Entries in Employees (5)
The case was full of bad facts. For nearly ten years until late 2004, some $1.8 million in bribes went to foreign officials and private parties in South Korea and China. Officers and employees of Schnitzer Steel Industries Inc. and its Korean subsidiary, SSI International Far East Ltd., approved the bribes, then used elaborate means to fund and conceal them.
Cash, gift certificates, a Cartier watch, pens, perfume, entertainment, a golf club membership, even a condo timeshare – all these changed hands. Off-the-books bank accounts in Korea held slush funds. The bribes were falsely accounted for as “refund to customer” or “rebate to customer,” or “quality claims,” “discounts,” “credits” or “freight savings.” They were disguised as “gratuities” or “congratulations money." Some bribes were even masked as “condolence money.” The corruption was so habitual that even after it was discovered and ordered stopped, an executive approved two more bribes.

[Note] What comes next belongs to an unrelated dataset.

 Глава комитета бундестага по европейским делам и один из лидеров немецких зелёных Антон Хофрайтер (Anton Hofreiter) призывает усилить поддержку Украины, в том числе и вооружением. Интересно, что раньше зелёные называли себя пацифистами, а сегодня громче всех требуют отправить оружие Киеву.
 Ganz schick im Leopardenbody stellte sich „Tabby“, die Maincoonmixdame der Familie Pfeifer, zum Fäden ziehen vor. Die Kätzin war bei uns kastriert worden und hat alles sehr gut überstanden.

There were still more bad facts. Schnitzer had no Foreign Corrupt Practices Act compliance program of any kind – no education for employees, no training, no due diligence, no audits. In ignorance of the FCPA, senior managers emailed each other about arranging “kickbacks” and protecting the crooked recipients from legal trouble in their home countries. Schnitzer, a public company and one of America's largest recyclers of scrap metal, lacked even the basic financial controls needed to prevent or detect secret bank accounts, corrupt payments and false accounting.

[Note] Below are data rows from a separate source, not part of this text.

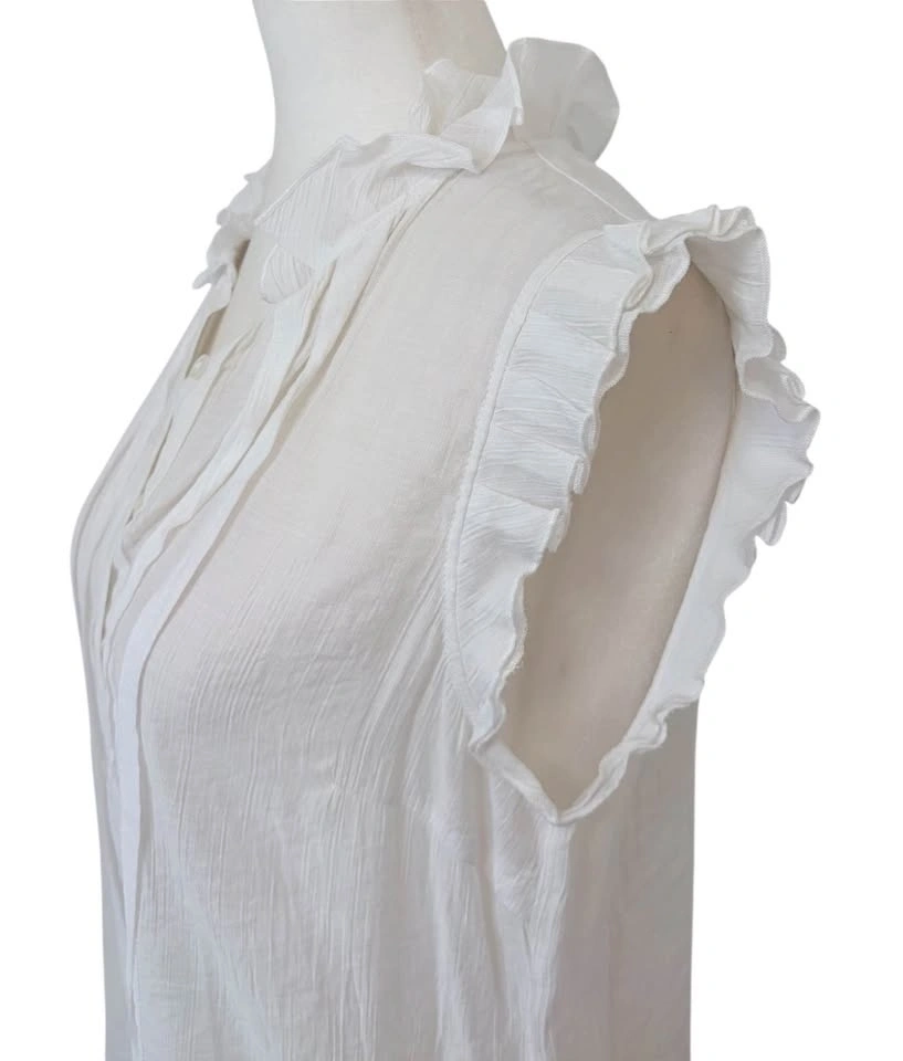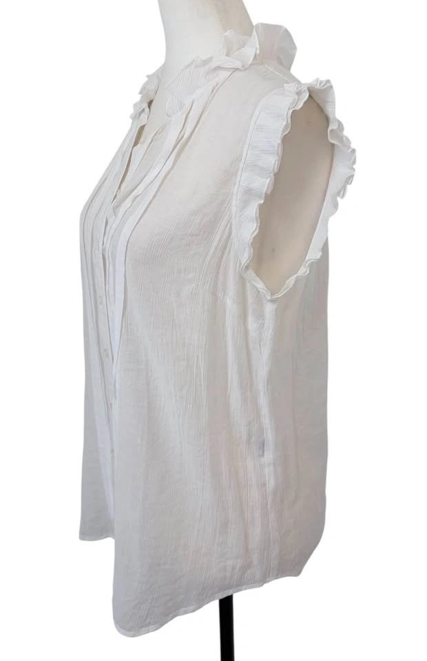 White Ruffle Sleeveless Button Down Pintuck Blouse - Size L
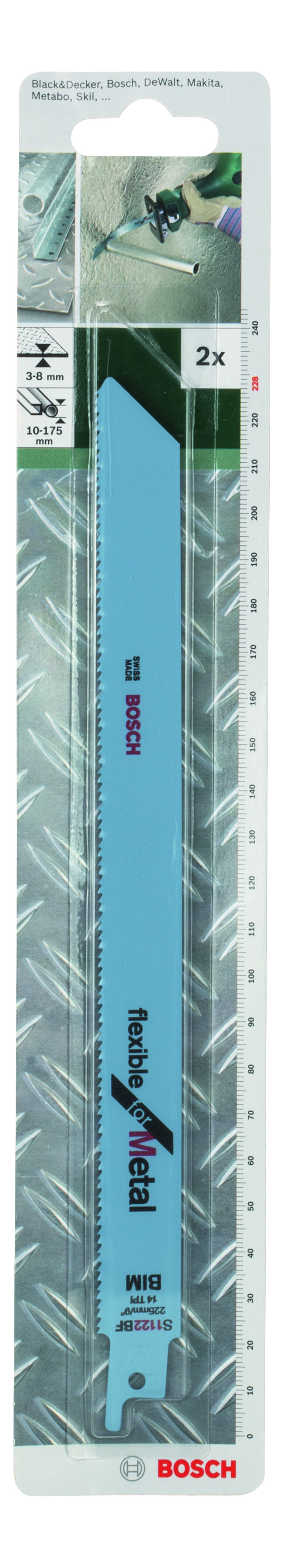 Emballage: 2Marque: BoschRéférence: 2609256707EAN: 3165140390644Description: LAMES SCIES SAUT./EGOÏNE MP (LAME DE SCIE SABRE BIM, S 1122 BF, 228 MM , 1,8 / 14)
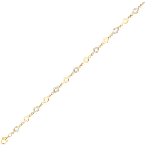 Bracelet Plaqué Or Jaune Mailles Losanges et Pavage Oxydes
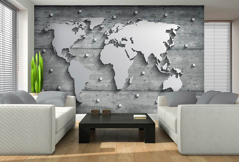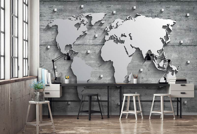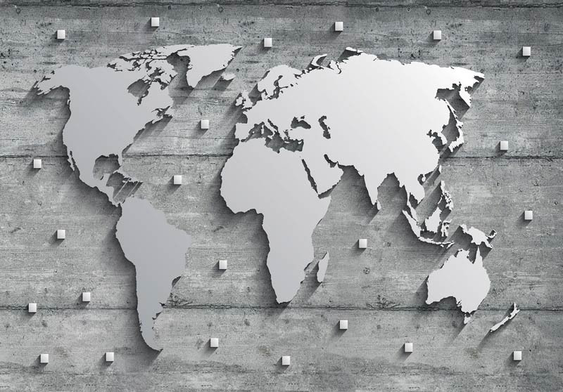 Fototapete einer silbernen Metall-Weltkarte auf einem konkreten Hintergrund.
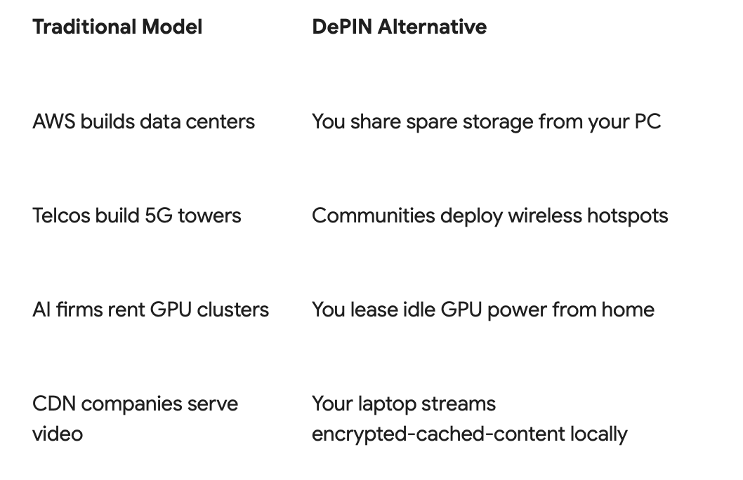 That's the idea behind Decentralized Physical Infrastructure Networks. It's a new class of Web3 technologies where everyday people contribute to providing infrastructure for the digital world by leasing their unused resources in exchange for rewards from global enterprises that are looking to save money on reliable, safe and secure web services.
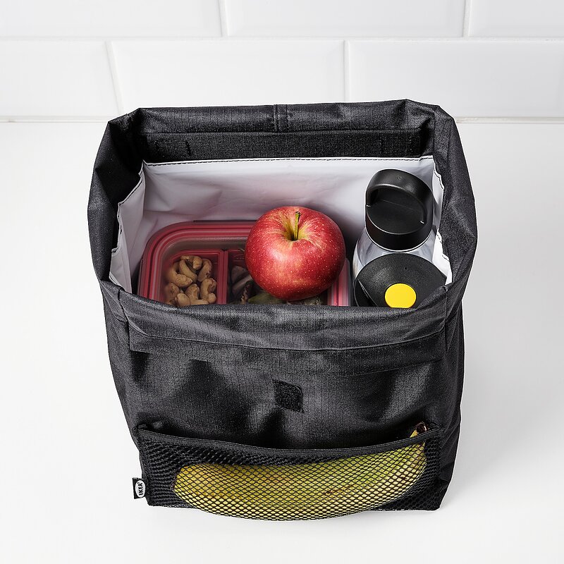 این کیف ناهار ایکیا مدل FRAMTUNG یک کیف کوچک مشکی مناسب اوقاتی که می خواهید وعده های غذایی را به همراه خود داشته باشید خواهد بود. طراحی شکیل و شیکی دارد با ویژگی های هوشمند ، مانند داخل عایق برای گرم نگه داشتن غذا برای مدت طولانی تر، مواد مقاوم در برابر آب و یک جیب برای کارد و چنگال و سایر اقلام کوچک که اینها از نکات مهم و قابل توجه برای این کیف کوچک دوست داشتنی هستند.
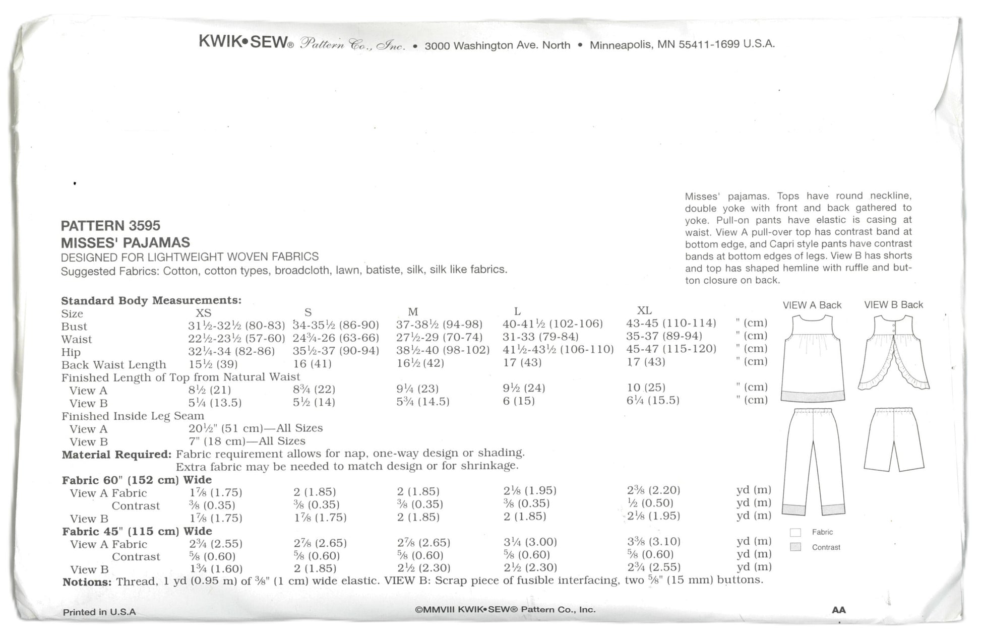 Kwik Sew 3595 Misses Pajamas Sewing Pattern

Did prosecutors, as expected, seek the corporate death penalty? Not at all. In the end, Schnitzer was never charged with a crime. Its subsidiary, SSI Korea, pleaded guilty in October 2006 to violating the FCPA's anti-bribery and books and records provisions, as well as conspiracy and wire fraud. It paid a $7.5 million criminal fine. Schnitzer itself, however, escaped with a $7.7 million civil penalty and a deferred prosecution agreement, whereby it promised to keep its nose clean and take remedial actions. Thereafter, Schnitzer survived and has since flourished in the robust global steel market.
What accounts for this surprising result? For a start, Schnitzer accepted all responsibility. On first learning about the corrupt payments, the board's audit committee commissioned an aggressive internal investigation. At each stage of the investigation, Schnitzer voluntarily disclosed what it was learning to the Department of Justice and the Securities and Exchange Commission. Then, looking forward, Schnitzer set out to transform its culture. To make sure everyone inside the company and outside got the point, it replaced the chairman of the board, hired a new CEO, and brought in a fresh team of senior management.

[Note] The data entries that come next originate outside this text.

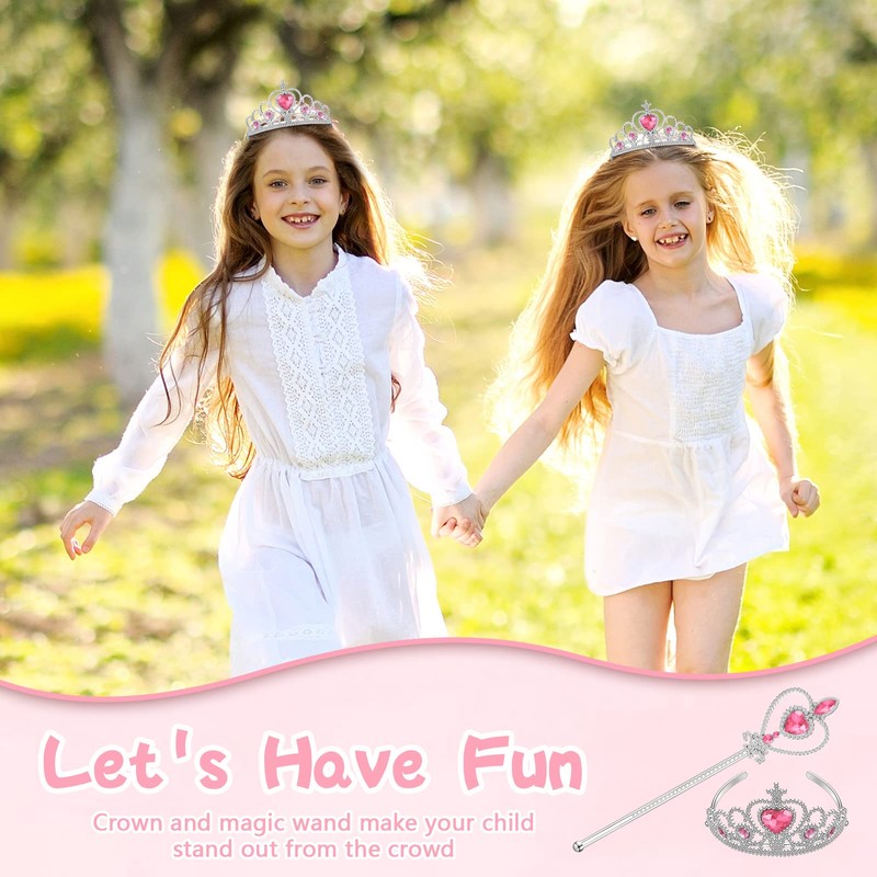 - Gift Idea: the princess wand and tiara set is beautiful and fascinating, the diamonds make it more eye catching and shiny, can be applied as wonderful gifts for little girls, students or siblings
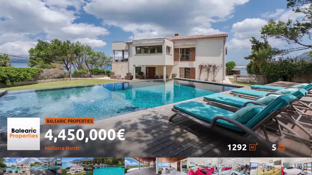 This front line villa is in a highly sought after residential area in the north. It is literally a few steps away from the turquoise waters of the Pollensa bay. There are absolutely stunning views towards the bay of Formentor, and an enchanting sandy beach, just 50m down the pedestrian lane. The property offers impressive sea views from all living areas and bedrooms. The enormous living room on the first floor has several sets of French doors leading onto the huge terraces, from which you can take in the whole bay of Pollença. On that same first floor you also find a state-of-the-art kitchen with dining area and a study with cloak room to use as a guest suite or library/office. On the ground floor you find 4 double en-suites, all exiting to the outside areas, and a catering corner with fridges/sink and cloakroom for the pool area. The pool is behind the house and raised up a little so sea views are enjoyed from the sunbathing area. And last but not least, there is a garage/studio apartment with bathroom. An exceptional property like this seldom comes up for sale. Book a viewing now!
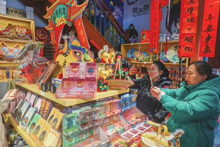 ⑤2月2日,太原鐘樓書(shū)院,游客正在拍照記錄具有濃郁地方特色的精美文創(chuàng)產(chǎn)品。
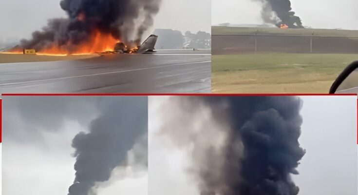Aerial view of an airport crash site with large flames and thick black smoke.
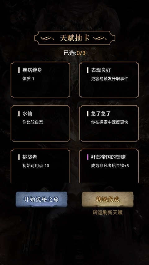 1、于经典模式中,开局天赋抽卡可自由挑选,属性点的分配同样延续《人生重开模拟器》的经典设定,共计20点,可供分配的属性包括体质、灵性、金镑以及运气。

The Department of Justice was satisfied, even impressed. “When companies voluntarily disclose FCPA violations and cooperate with Justice Department investigations, they will get a real, tangible benefit. In fact," the DOJ said, "Schnitzer Steel’s cooperation in this case was excellent and . . . the disposition announced today reflects that fact.”
The outcome was never inevitable. Like other companies facing a corruption scandal, Schnitzer had a crucial choice -- to retreat behind the corporate parapet and wait for prosecutors and public opinion to storm the gates, or to cooperate up to a point but try to keep defense options open, or to surrender peacefully, make a full confession, show a repentant spirit and seek forgiveness. By choosing the last option, the company was able to enjoy a quick rehabilitation and full restoration to corporate citizenship. Schnitzer's victory was no accident, but a product of its own decisions.
View the DOJ’s Press Release Here.
Perhaps the biggest, although not yet the loudest, international corruption story involves Siemens AG, the German electronics and electrical engineering giant. Siemens says it has identified "a multitude of payments made in connection with [consulting agreements] for which we have not yet been able either to establish a valid business purpose or to clearly identify the recipient. These payments raise concerns in particular under the Foreign Corrupt Practices Act (FCPA) in the United States, anti-corruption legislation in Germany and similar legislation in other countries." Some reports put the level of potentially corrupt payments at a staggering half a billion dollars.
The press, led by the Wall Street Journal, is also reporting that Siemens' managers in many countries are stonewalling the internal investigation. That, in turn, may have pushed the U.S. Department of Justice and the Securities and Exchange Commission to begin working on a deal with German prosecutors to share information and possibly resources in their respective investigations.
With Siemens' own managers now going silent, the DOJ and SEC face tough challenges collecting evidence abroad and compelling non-residents to appear in American courts, either as witnesses or defendants. Meanwhile, the tension among Siemens' management-level employees must be enormous. If they voluntarily give evidence, they could end up being prosecuted. If they refuse to give evidence, they could end up being fired and still be prosecuted. And unless the internal investigation gets back on track, Siemens itself may lose the opportunity to work out a favorable disposition of the case with U.S. and other prosecutors.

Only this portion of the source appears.